Een ongelijkheid die we kunnen schrijven is: 17 + p <= 26 De oplossing is: p <= 9 Laten we de variabele noemen voor "hoeveel meer spelers het Team kunnen maken" p. Omdat het team "niet meer" dan 26 spelers kan hebben, betekent dit dat ze 26 spelers of minder kunnen hebben. Dit betekent dat de ongelijkheid waarmee we te maken hebben de vorm <= is. En we weten dat de coach al 17 spelers heeft geselecteerd. We kunnen dus schrijven: 17 + p <= 26 Oplossen voor p geeft: 17 - 17 + p <= 26 - 17 0 + p <= 9 p <= 9
Het aantal voetballers is 4 keer het aantal basketbalspelers en het aantal honkbalspelers is 9 meer dan bij basketbalspelers. Als het totale aantal spelers 93 is en elke speler een enkele sport speelt, hoeveel zijn er dan in elk team?

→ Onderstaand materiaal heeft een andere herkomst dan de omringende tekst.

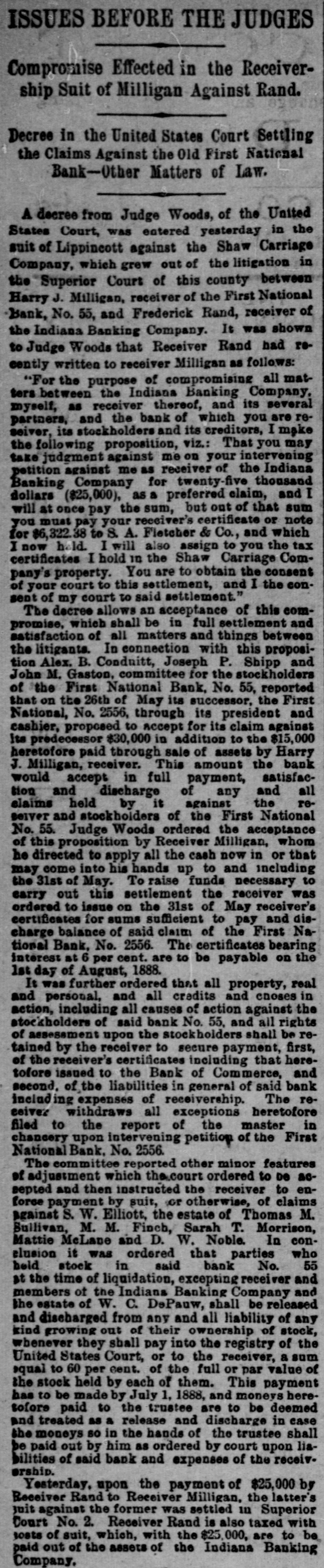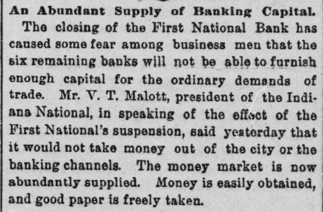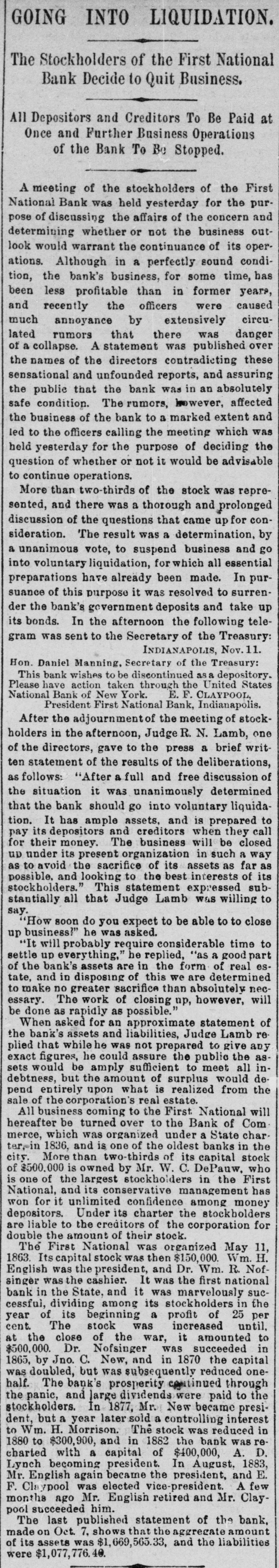 GOING INTO LIQUIDATION. The Stockholders of the First National Bank Decide to Quit Business. All Depositors and Creditors To Be Paid at Once and Further Business Operations of the Bank To Be Stopped. A meeting of the stockholders of the First National Bank was held yesterday for the purpose of discussing the affairs of the concern and determining whether or not the business outlook would warrant the continuance of its operations. Although in a perfectly sound condition, the bank's business, for some time, has been less profitable than in former years, and recently the officers were caused much annoyance by extensively circulated rumors that there was danger of a collapse. A statement was published over the names of the directors contradicting these sensational and unfounded reports, and assuring the public that the bank was in an absolutely safe condition. The rumors, however, affected the business of the bank to a marked extent and led to the officers calling the meeting which was held yesterday for the purpose of deciding the question of whether or not it would be advisable to continue operations. More than two-thirds of the stock was represented, and there was a thorough and prolonged discussion of the questions that came up for consideration. The result was a determination, by a unanimous vote, to suspend business and go into voluntary liquidation, for which all essential preparations have already been made. In pursuance of this purpose it was resolved to surrender the bank's government deposits and take up its bonds. In the afternoon the following telegram was sent to the Secretary of the Treasury: INDIANAPOLIS, Nov. 11. Hon. Daniel Manning, Secretary of the Treasury: This bank wishes to be discontinued asa depository. Please have action taken through the United States National Bank of New York. E. F. CLAYPOOL, President First National Bank, Indianapolis. After the adjournmentof the meeting of stockholders in the afternoon, Judge R. N. Lamb, one of the directors, gave to the press a brief written statement of the results of the deliberations, as follows: "After a full and free discussion of the situation it was unanimously determined that the bank should go into voluntary liquidation. It has ample assets, and is prepared to pay its depositors and creditors when they call for their money. The business will be closed up under its present organization in such a way as to avoid the sacrifice of its assets as far as possible, and looking to the best interests of its stockholders." This statement expressed substantially all that Judge Lamb was willing to say. "How soon do you expect to be able to to close up business!" he was asked. "It will probably require considerable time to settle up everything," he replied, "as a good part of the bank's assets are in the form of real estate, and in disposing of this we are determined to make no greater sacrifice than absolutely necessary. The work of closing up, however, will be done as rapidly as possible." When asked for an approximate statement of the bank's assets and liabilities, Judge Lamb replied that while he was not prepared to give any exact figures, he could assure the public the assets would be amply sufficient to meet all indebtness, but the amount of surplus would depend entirely upon what is realized from the sale of the corporation's real estate. All business coming to the First National will hereafter be turned over to the Bank of Com merce, which was organized under a State charter,-in 1836, and is one of the oldest banks in the city. More than two-thirds of its capital stock of $500,000 is owned by Mr. W. C. DePauw, who is one of the largest stockholders in the First National, and its conservative management has won for it unlimited confidence among money depositors. Under its charter the stockbolders are liable to the creditors of the corporation for double the amount of their stock. The First National was organized May 11, 1863. Its capital stock was then $150,000. Wm. H. English was the president, and Dr. Wm. R. Nofsinger was the cashier. It was the first national bank in the State, and it was marvelously successful, dividing among its stockholders in the year of its beginning a profit of 25 per cent. The stock was increased until, at the close of the war, it amounted to $500,000. Dr. Nofsinger was succeeded in 1865, by Jno. C. New, and in 1870 the capital was doubled, but was subsequently reduced onehalf. The bank's prosperity continued through the panic, and large dividends were paid to the stockholders. In 1877, Mr. New became president, but a year later sold a controlling interest to Wm. H. Morrison. The stock was reduced in 1880 to $300,900, and in 1882 the bank was recharted with a capital of $400,000, A. D. Lynch becoming president. In August, 1883, Mr. English again became the president, and E. F. Claypool was elected vice-president. A few months ago Mr. English retired and Mr. Claypool succeeded him. The last published statement of the bank. made on Oct. 7. shows that the aggregate amount of its assets was $1,669,565.33, and the liabilities were $1,077,776.40.
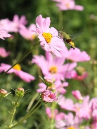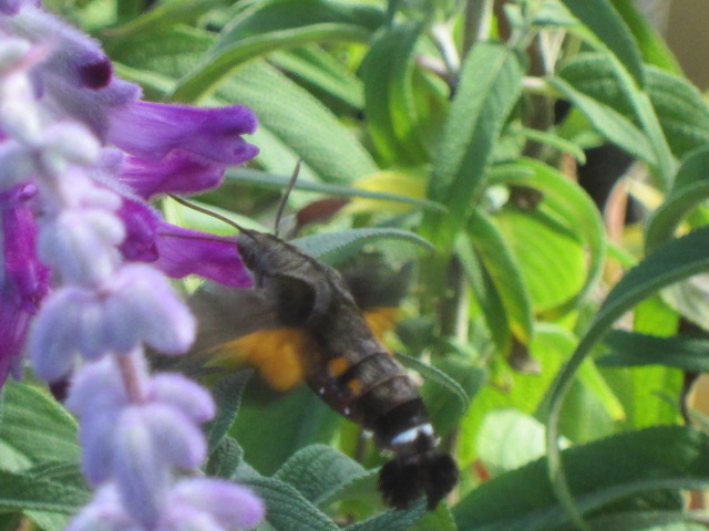 大透翅=オオスカシバ 見っけ! ブゥ〜〜〜ン耳障りな大きなホバーリング音たてて 忙しく飛び回る為 撮影困難! スズメ蛾科に属する 蛾の仲間だけれど・・・ 長いストローで蜜を吸う姿や飛び姿はハチドリの如く カラーリングや毛深さは蜂にも見え おっかない虻ににも似ている 蛾のくせに〜鱗粉がなくトンボやセミの様な透かし翅 怒っている様な瞳は魚、翅をもいだ形を想像すると・・・ わっ! エビフライ! 何とも〜不思議ちゃん JUGEMテーマ:昆虫写真
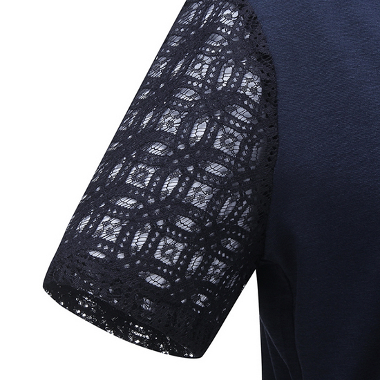 - 레이스 믹스 디자인에 오픈 카라로 페미닌한
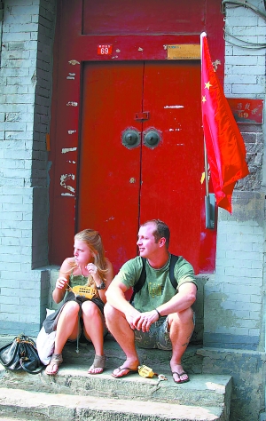 10月4日,一對(duì)外國情侶在南鑼鼓巷一個(gè)掛著國旗的小院門口邊吃小吃邊欣賞胡同風(fēng)情。 本報(bào)特約攝影 羅偉
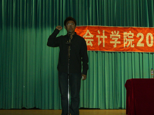 正式开会之前,在院学生会主席孙亚光同学的带领下,我院2007级全体同学进行了入学宣誓,“做商大人,我们无怨无悔……我们愿做……”,在严肃的气氛下,通过铿锵有力的誓言表明了成为优秀大学生的决心。

56 voetballers 14 basketbalspelers 23 honkballers Definiëren: kleur (wit) ("XXX") f: aantal voetballers kleur (wit) ("XXX") b: aantal spelers basketbalkleur (wit) ("XXX") d: aantal honkballers Ons wordt verteld: [1] kleur (wit) ("XXX" kleur (rood) (f = 4b) [2] kleur (wit) ("XXX") kleur (blauw) (d = b +9) [3] kleur (wit) ("XXX") f + b + d = 93 Vervangen (uit [1]) kleur (rood) (4b) voor kleur (rood) (f) en (uit [2] ) kleur (blauw) (b + 9) voor kleur (blauw) (d) in [3] [4] kleur (wit) ("XXX") kleur (rood) (4b) + b + kleur (blauw) (b +9) = 93 Vereenvoud
Minder dan de helft van de studenten miste de chemiedemonstratie. In feite misten slechts 3/10 van de studenten de demonstratie. Als 21 studenten de demonstratie niet hebben gemist, hoeveel studenten hebben de demonstratie dan gemist?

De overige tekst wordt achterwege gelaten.